В первобытные времена человечества поэты были пророками и жрецами, религиозная идея владела поэзией, искусство служило богам. Потом, с усложнением жизни, когда явилась цивилизация, основанная на разделении труда, искусство, как и другие человеческие делания, обособилось и отделилось от религии. Если прежде художники были служителями богов, то теперь само искусство стало божеством и кумиром. Явились жрецы чистого искусства, для которых совершенство художественной формы стало главным делом помимо всякого религиозного содержания.
Двукратная весна этого свободного искусства (в классическом мире и в новой Европе) была роскошна, но не вековечна. На наших глазах кончился расцвет новоевропейского художества. Цветы опадают, а плоды ещё только завязываются. Было бы несправедливо требовать от завязи качеств спелого плода: можно только предугадывать эти будущие качества. Именно таким образом следует относиться к теперешнему состоянию искусства и литературы.
Теперешние художники не могут и не хотят служить чистой красоте, производить совершенные формы; они ищут содержания. Но, чуждые прежнему, религиозному содержанию искусства, они обращаются всецело к текущей действительности и ставят себя к ней в отношение рабское вдвойне: они, во-первых, стараются рабски списывать явления этой действительности, а во-вторых, стремятся столь же рабски служить злобе дня, удовлетворять общественному настроению данной минуты, проповедовать ходячую мораль, думая чрез то сделать искусство полезным. Конечно, ни та, ни другая из этих целей не достигается. В безуспешной погоне за мнимо реальными подробностями только теряется настоящая реальность целого, а стремление соединить с искусством внешнюю поучительность и полезность к ущербу его внутренней красоты превращает искусство в самую бесполезную и ненужную вещь в мире, ибо ясно, что плохое художественное произведение при наилучшей тенденции ничему научить и никакой пользы принести не может.
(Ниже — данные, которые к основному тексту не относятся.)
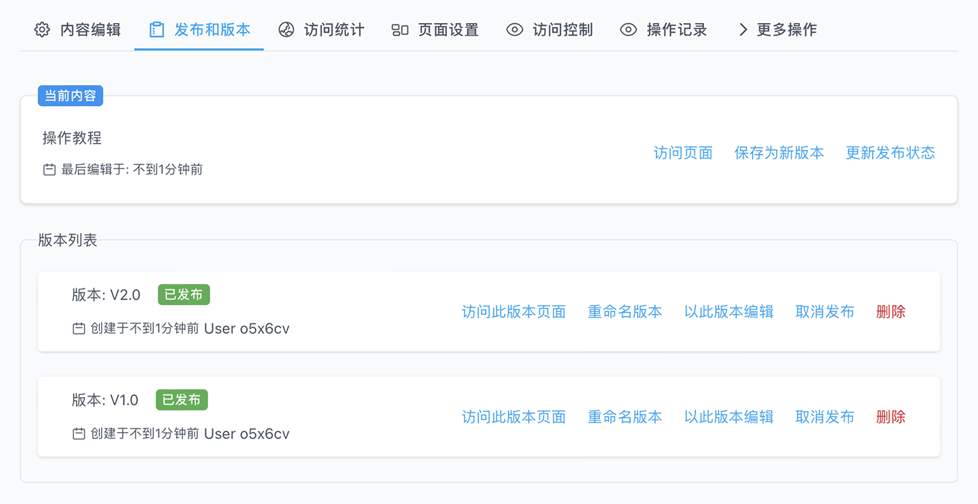 Baklib 的单篇文章支持多版本发布。用户可以在前端遍历{{page.versions}}查看所有已发布的版本。

Произнести безусловное осуждение современному состоянию искусства и его господствующему направлению очень легко. Общий упадок творчества и частные посягательства на идею красоты слишком бросаются в глаза, — и, однако же, безусловное осуждение всего этого будет несправедливо. В этом грубом и низменном современном художестве, под этим двойным зраком раба скрываются залоги божественного величия. Требования современной реальности и прямой пользы от искусства, бессмысленные в своём теперешнем грубом и тёмном применении, намекают, однако, на такую возвышенную и глубоко истинную идею художества, до которой ещё не доходили ни представители, ни толкователи чистого искусства.
Не довольствуясь красотой формы, современные художники хотят более или менее сознательно, чтобы искусство было реальною силою, просветляющей и перерождающей весь человеческий мир. Прежнее искусство отвлекало человека от той тьмы и злобы, которые господствуют в мире, оно уводило его на свои безмятежные высоты и развлекало его своими светлыми образами; теперешнее искусство, напротив, привлекает человека к тьме и злобе житейской с неясным иногда желанием просветить эту тьму, умирить эту злобу. Но откуда же искусство возьмёт эту просвещающую и возрождающую силу?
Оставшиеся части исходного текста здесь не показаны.